Stored data START

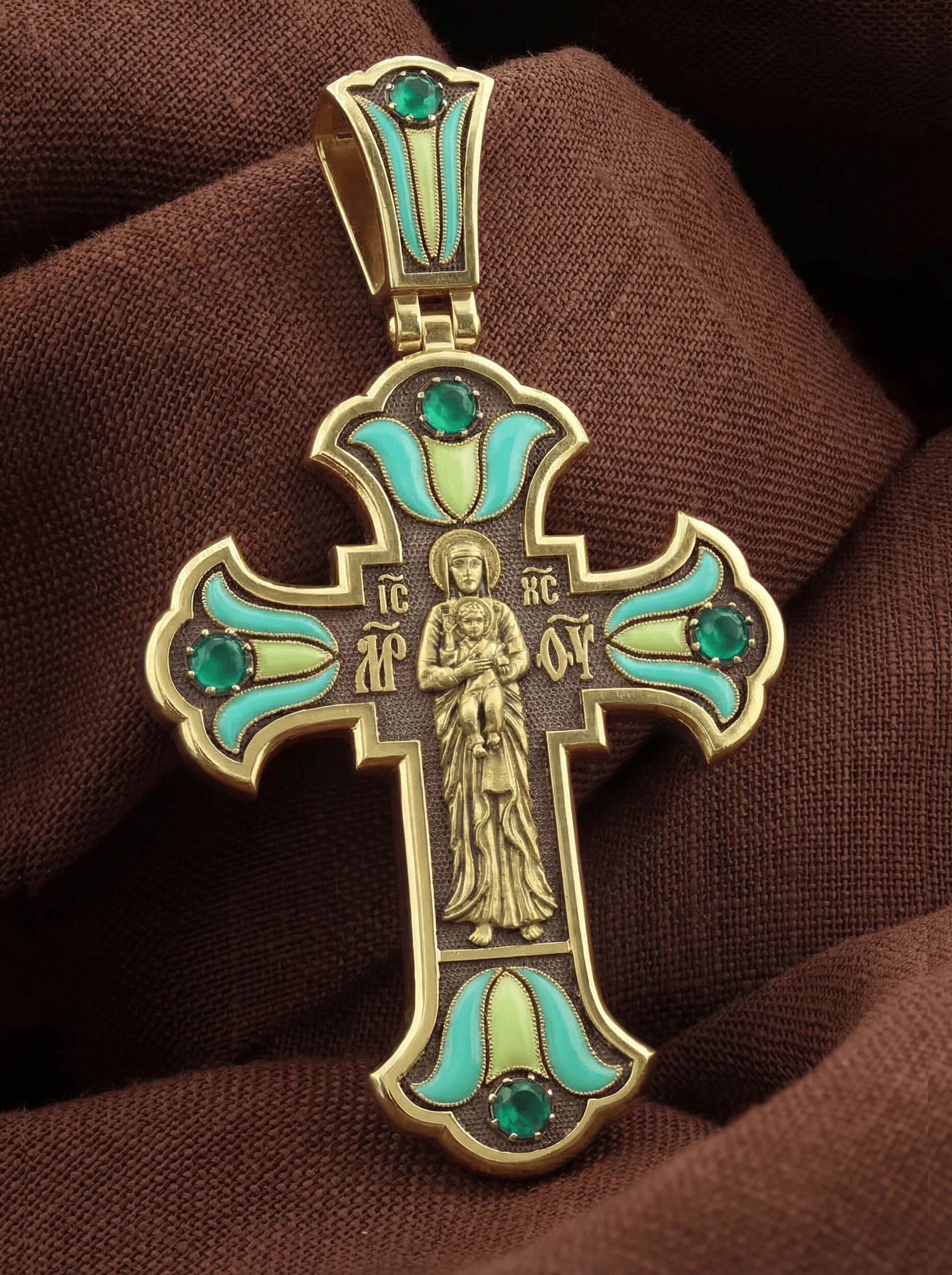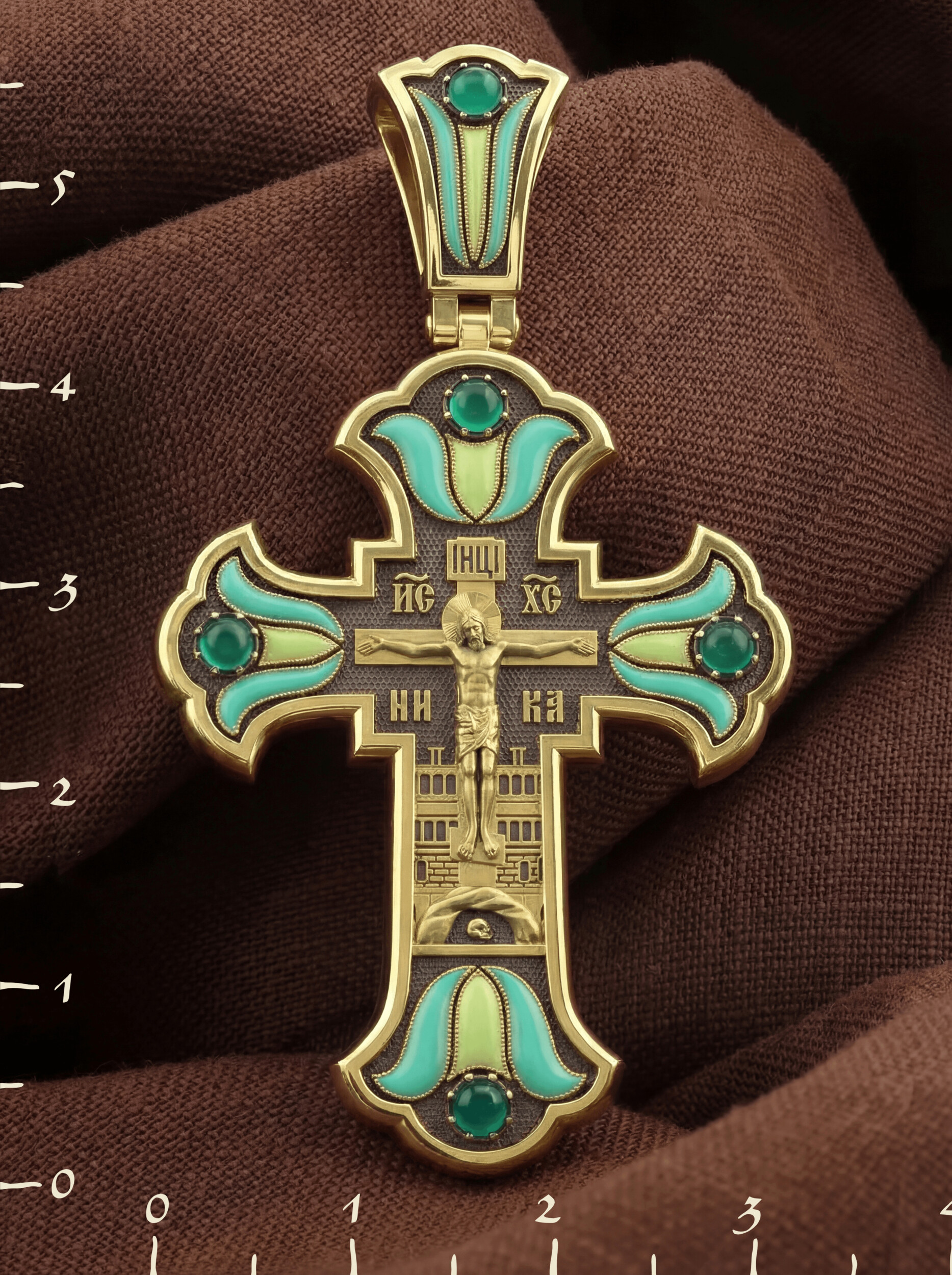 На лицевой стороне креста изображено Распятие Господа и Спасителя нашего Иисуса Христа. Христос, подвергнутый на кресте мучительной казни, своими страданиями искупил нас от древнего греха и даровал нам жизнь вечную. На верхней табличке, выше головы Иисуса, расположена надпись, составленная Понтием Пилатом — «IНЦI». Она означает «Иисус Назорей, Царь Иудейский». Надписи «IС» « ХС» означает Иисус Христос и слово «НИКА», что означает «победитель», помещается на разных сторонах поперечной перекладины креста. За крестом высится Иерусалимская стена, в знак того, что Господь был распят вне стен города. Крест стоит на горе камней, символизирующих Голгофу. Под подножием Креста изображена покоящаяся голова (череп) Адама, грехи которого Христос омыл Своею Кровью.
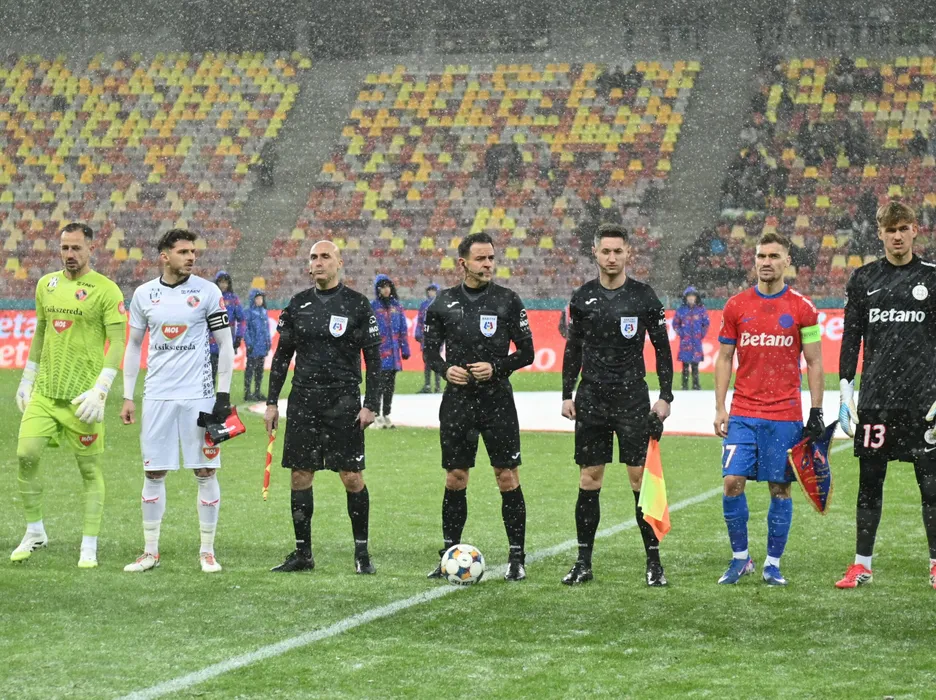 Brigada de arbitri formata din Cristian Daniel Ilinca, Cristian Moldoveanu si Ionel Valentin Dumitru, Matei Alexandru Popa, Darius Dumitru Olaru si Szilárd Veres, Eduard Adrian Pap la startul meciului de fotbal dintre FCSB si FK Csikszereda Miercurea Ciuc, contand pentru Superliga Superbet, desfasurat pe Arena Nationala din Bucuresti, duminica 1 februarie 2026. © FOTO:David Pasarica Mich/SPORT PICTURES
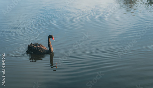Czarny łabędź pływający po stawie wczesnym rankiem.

Stored data END

_Work item_
Write the listing out a second time exactly, dropping all images.

_Your solution_
 На лицевой стороне креста изображено Распятие Господа и Спасителя нашего Иисуса Христа. Христос, подвергнутый на кресте мучительной казни, своими страданиями искупил нас от древнего греха и даровал нам жизнь вечную. На верхней табличке, выше головы Иисуса, расположена надпись, составленная Понтием Пилатом — «IНЦI». Она означает «Иисус Назорей, Царь Иудейский». Надписи «IС» « ХС» означает Иисус Христос и слово «НИКА», что означает «победитель», помещается на разных сторонах поперечной перекладины креста. За крестом высится Иерусалимская стена, в знак того, что Господь был распят вне стен города. Крест стоит на горе камней, символизирующих Голгофу. Под подножием Креста изображена покоящаяся голова (череп) Адама, грехи которого Христос омыл Своею Кровью.
 Brigada de arbitri formata din Cristian Daniel Ilinca, Cristian Moldoveanu si Ionel Valentin Dumitru, Matei Alexandru Popa, Darius Dumitru Olaru si Szilárd Veres, Eduard Adrian Pap la startul meciului de fotbal dintre FCSB si FK Csikszereda Miercurea Ciuc, contand pentru Superliga Superbet, desfasurat pe Arena Nationala din Bucuresti, duminica 1 februarie 2026. © FOTO:David Pasarica Mich/SPORT PICTURES
Czarny łabędź pływający po stawie wczesnym rankiem.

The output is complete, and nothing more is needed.